Before HUG, WILLIAM A. NORRIS, and LEAVY, Circuit Judges.


MEMORANDUM* 

Carl Anders Eckstrom, a California state prisoner, appeals the district court's denial of his habeas corpus petition, 28 U.S.C. § 2254, challenging his murder convictions in Los Angeles County. We remand to the district court with instructions to conduct an evidentiary hearing on Eckstrom's ineffective assistance of counsel claim.

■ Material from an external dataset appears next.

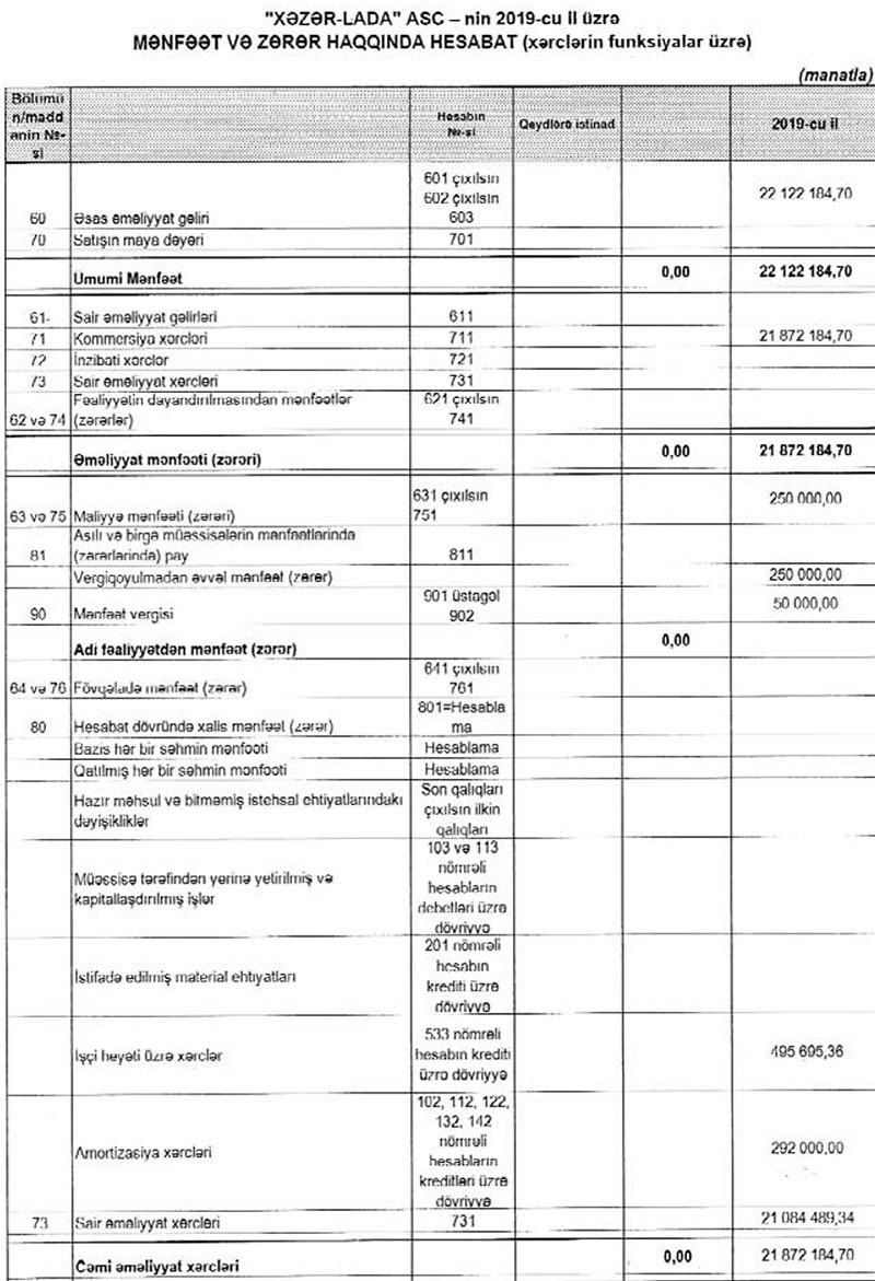 Müqayisə üçün qeyd edək ki, 2018-ci ildə “Xəzər-Lada”nın cəmi gəlirləri 16 milyon 446 min manat, xəmi xərcləri isə 16 milyon 229 min manat təşkil etmişdi. Beləliklə, ötən il gəlirləri artan “Xəzər-Lada” mənfəətini artırmağa nail olmayıb.

Eckstrom contends he was denied effective assistance of counsel as a result of his trial counsel's failure to present the defense of diminished mental capacity. Eckstrom argues that such failure cannot be justified as a reasonable strategy decision. Specifically, Eckstrom asserts that his counsel's argument that the evidence was insufficient as a matter of law to sustain a first degree murder conviction under People v. Anderson, 70 Cal. 2d 15, 447 P.2d 942 (1968), was inappropriate for his case. Eckstrom maintains that, at a minimum, his counsel should have raised the defense of diminished capacity as an alternative defense. Significantly, Eckstrom argues that there is a reasonable probability that the outcome of his trial would have been different if counsel had presented the defense of diminished capacity.

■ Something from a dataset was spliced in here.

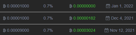 1000사토시를 재투자했습니다. 이번에 투자한 금액은 22년 1월 1일까지 하루에 7사토시씩 이자가 나오네요.

In order to prevail on a claim of ineffective assistance of counsel, a petitioner must show that his attorney's conduct fell below the objective standard of reasonableness and that the deficient performance prejudiced his defense. Strickland v. Washington, 466 U.S. 668, 687-88 (1984). Courts must "indulge a strong presumption that counsel's conduct falls within the wide range of reasonable professional assistance; that is, the defendant must overcome the presumption that, under the circumstances, the challenged action 'might be considered sound trial strategy.' " Id. at 689 (quoting Michel v. Louisiana, 350 U.S. 91, 101 (1955)).

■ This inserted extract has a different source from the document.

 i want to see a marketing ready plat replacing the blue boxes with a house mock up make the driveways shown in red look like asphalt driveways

In this case, we are concerned because Eckstrom's trial counsel did not present the defense of diminished capacity. An extensive psychiatric history in support of a diminished capacity defense was presented by the defense counsel through the testimony of the psychiatrist, Dr. Pollack, at Eckstrom's Orange County trial. In the Los Angeles County trial, the subject of this petition, defense counsel did not have Dr. Pollack testify to establish any basis upon which diminished capacity could be found. Because we conclude that Eckstrom raises a colorable claim of ineffective assistance of counsel and there has not been a state or federal hearing on this claim, we must remand to the district court for an evidentiary hearing on this matter.1  See Smith v. McCormick, 914 F.2d 1153, 1170 (9th Cir. 1990).

REMANDED for further proceedings consistent with the above.

 *

This disposition is not appropriate for publication and may not be cited to or by the courts of this circuit except as provided by 9th Cir.R. 36-3

 1

Although we are required to review the district court's judgment in this matter, we note that the magistrate judge who rendered the report and recommendation to the district court pursuant to 28 U.S.C. § 636(b) (1) (B) was under the misapprehension that Eckstrom could be sentenced to the death penalty. Specifically, the magistrate judge stated: "As pointed out in the disposition of his prior habeas petition, [Eckstrom] was fortunate to have escaped the death penalty, having been found guilty of the unprovoked murder of four innocent people." The magistrate judge evaluated the strategy of the defense attorney in that context. As Eckstrom had no possibility of being sentenced to death, because at that stage the death penalty statutes were unconstitutional, the evaluation cannot stand. See U.S. Dominator v. Factory Ship Robert E. Resoff, 768 F.2d 1099, 1102-03 (9th Cir. 1985) ("While the magistrate's ruling was not a ruling by the district judge, it nevertheless affected the outcome of the trial and is therefore reviewable on appeal."); Britt v. Simi Valley Unified School Dist., 708 F.2d 452, 454-55 (9th Cir. 1983) (errors of law in a magistrate judge's findings and recommendations may be challenged on appeal even when not objected to in the district court)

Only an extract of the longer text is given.